Connect the dots #4: Accès initial

Connect the dots #4: Accès initial

"D'accord, les pirates disposent de super outils pour nous attaquer… Mais ils ne fonctionneront que s'ils sont "à l'intérieur", c'est à dire sur une de nos machines. Pour cela, il faut qu'un utilisateur clique sur un message contaminé et de toute manière l'anti-virus va bloquer le fichier dangereux". 

Cheval de Troie.

Nous avons vu lors de notre article précédent, que les attaquants disposent de techniques d'obfuscation, comme avec le fameux Cheval de Troie, pour cacher le payload dans un fichier anodin. Il peut s'agir d'un fichier MS Office ou Adobe, une applet Java ou encore un programme Windows, voire même un faux site, "cloné" sur le vrai, qui contient un lien contaminant. 

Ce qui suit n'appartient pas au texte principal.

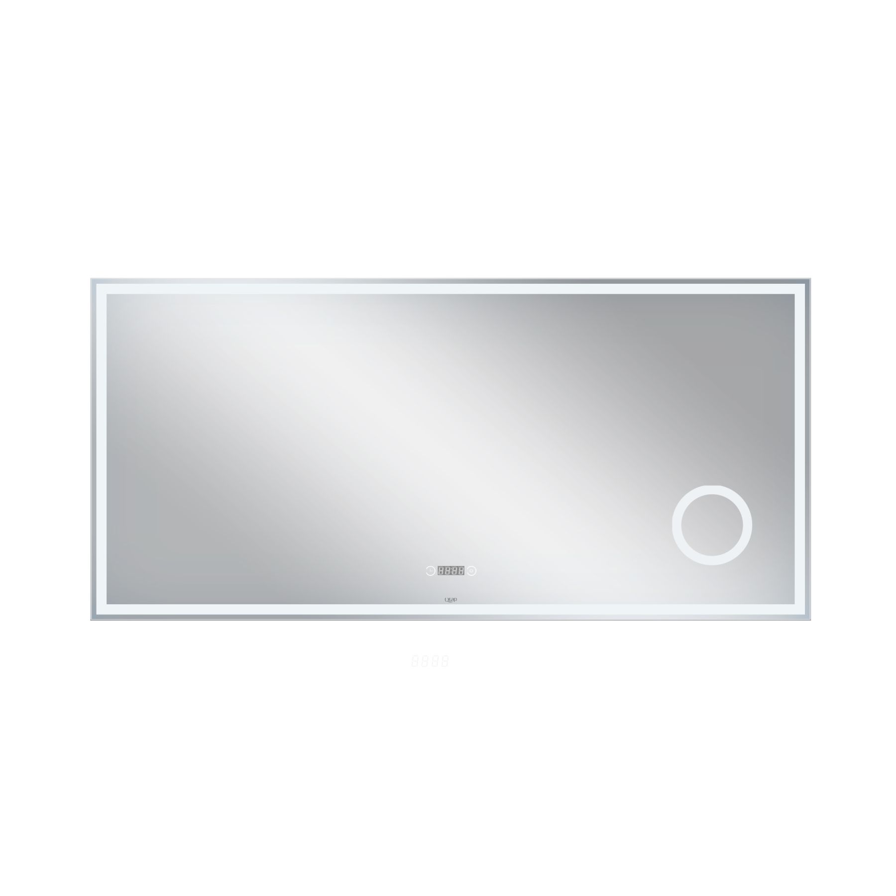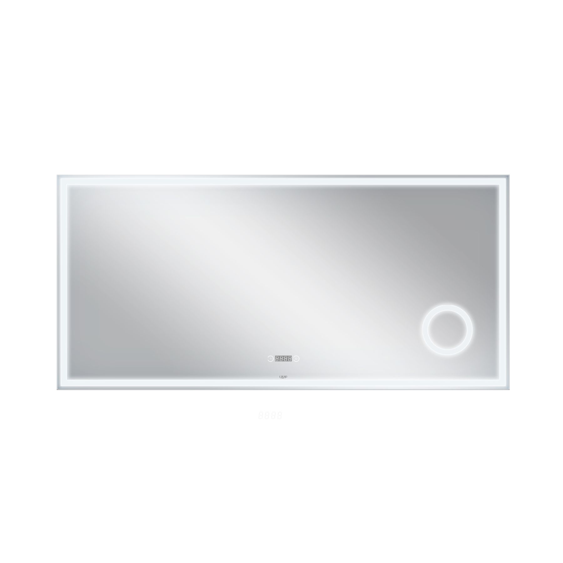 Зеркало Qtap Stork 1400х700 с LED-подсветкой Touch, линза, цифровые часы, димер, рег. яркости QT1578142270140W

Un e-mail piégé est donc envoyé à la cible avec l'artefact et sa charge utile (fichier joint ou lien sur un site piégé). Imaginez un PDF reçu par email: une facture. On clique dessus, rien. On clique à nouveau: rien. Là certains vont cliquer plusieurs fois de suite… Dix fois ? "Décidément ce PDF ne veut pas s'ouvrir ! Je vais appeler la société qui m'a envoyé cette facture pour qu'elle me la renvoie ou je vais répondre à l'email ou le transférer à mon collègue pour voir s'il arrive à l'ouvrir...". 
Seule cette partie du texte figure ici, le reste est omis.